Restorative Yoga is the practice of asanas, each held for longer than in conventional yoga as exercise classes, often with the support of props such as folded blankets, to relax the body, reduce stress, and often to prepare for pranayama.

Practice

Restorative Yoga sessions allow the body to slow down and relax in a small number of asanas. Each pose is held for longer than in conventional classes, sometimes for twenty minutes, so a session may consist of only four to six asanas. The long holding of poses is often assisted with props such as folded blankets, blocks, and bolsters to ensure the body is fully supported and so to allow the muscles to relax. 

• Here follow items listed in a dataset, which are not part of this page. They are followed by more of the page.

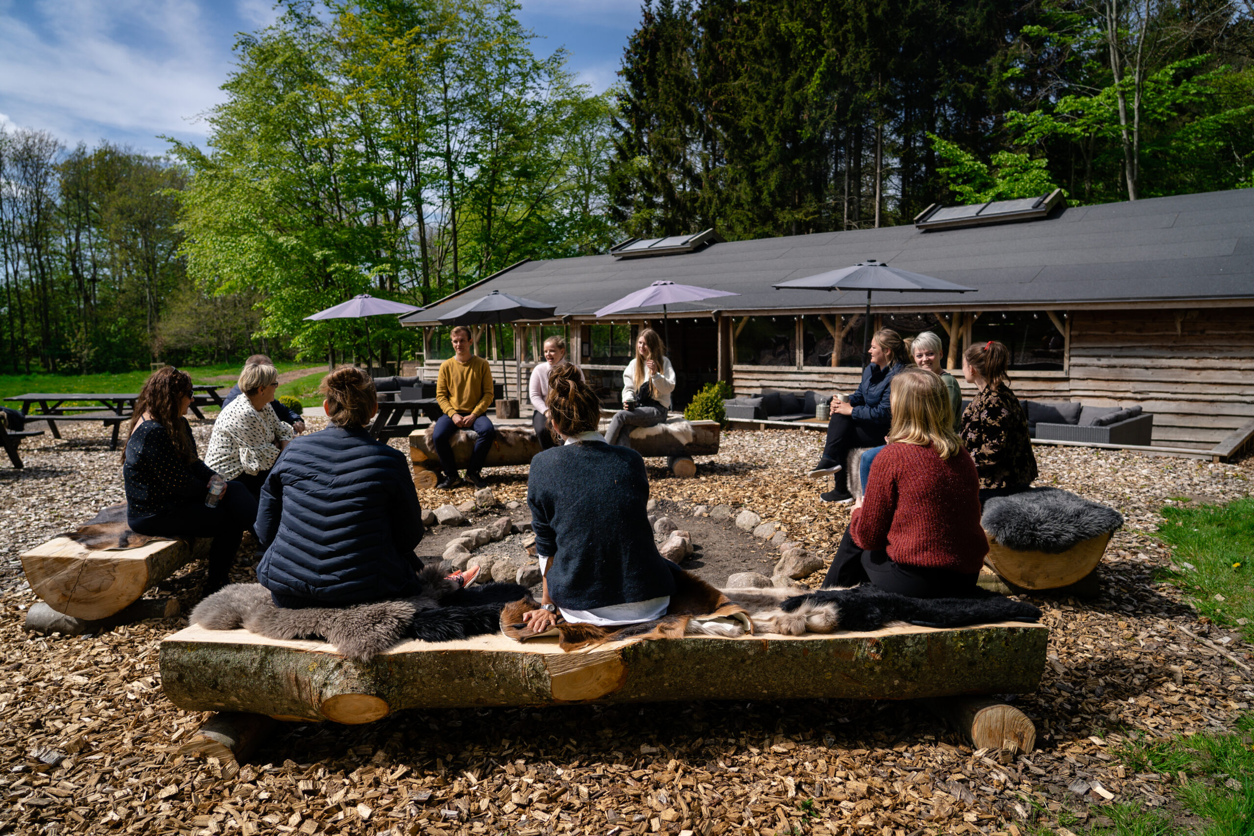 - NATURENS KLASSELOKALE – med højt til himlen og omgivet af store bøgetræer, bålplads og sækkestolemiljø. Kan bruges som et dagslokale eller som et afbræk i konferencen. Wi-Fi og flipover tilgængelig.
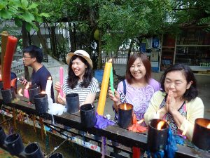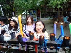 お城のような外観に写真撮影が止まらない御一行。落ち着いたところで、お願いごとのキャンドルに移動します。
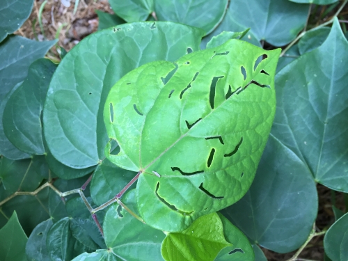 He diagnosed the C-shaped, curving holes as being caused by cranberry rootworm, which, despite its name, also feeds on new leaves of rhododendron and camellia.
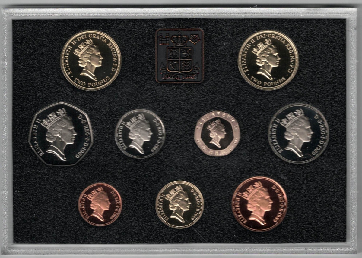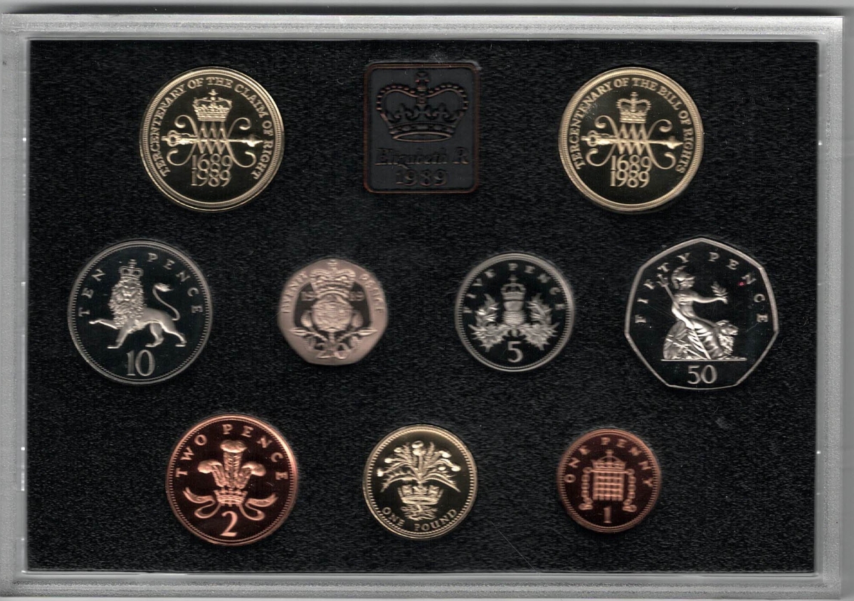 1989 Royal Mint Deluxe Base Metal Nine Coin Proof Set . This 1989 set comes in a red leather outer. All coins are in stock for despatch.1989 Royal Mint Deluxe Nine Coin Proof Set
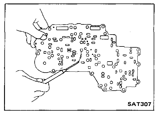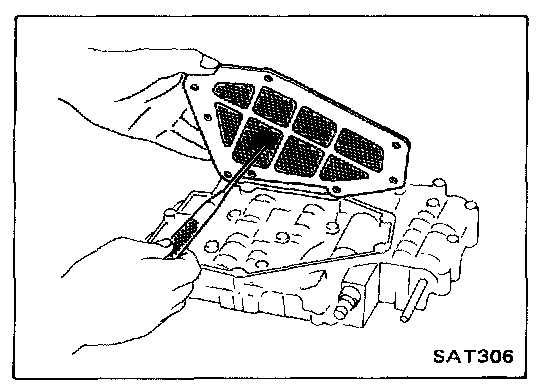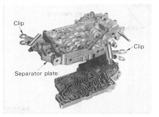 2. Disassemble valve body and its remaining attaching bolts and nuts to carefully separate lower body, separator plate and upper body.

An early disciple of B.K.S. Iyengar, the yoga teacher and Yoga Journal editor Judith Lasater helped to popularize restorative yoga, based on Iyengar Yoga's asanas and use of props. Lasater states that "you will need" a yoga mat, four yoga blocks, three firm bolsters, three hand towels, three eye bags, eight firm blankets, a broad  long yoga belt, a folding metal chair with the front rung removed, and two  sandbags. For home practice, she suggests substituting throw pillows, couch cushions, or large bags of rice or dry beans as improvised props.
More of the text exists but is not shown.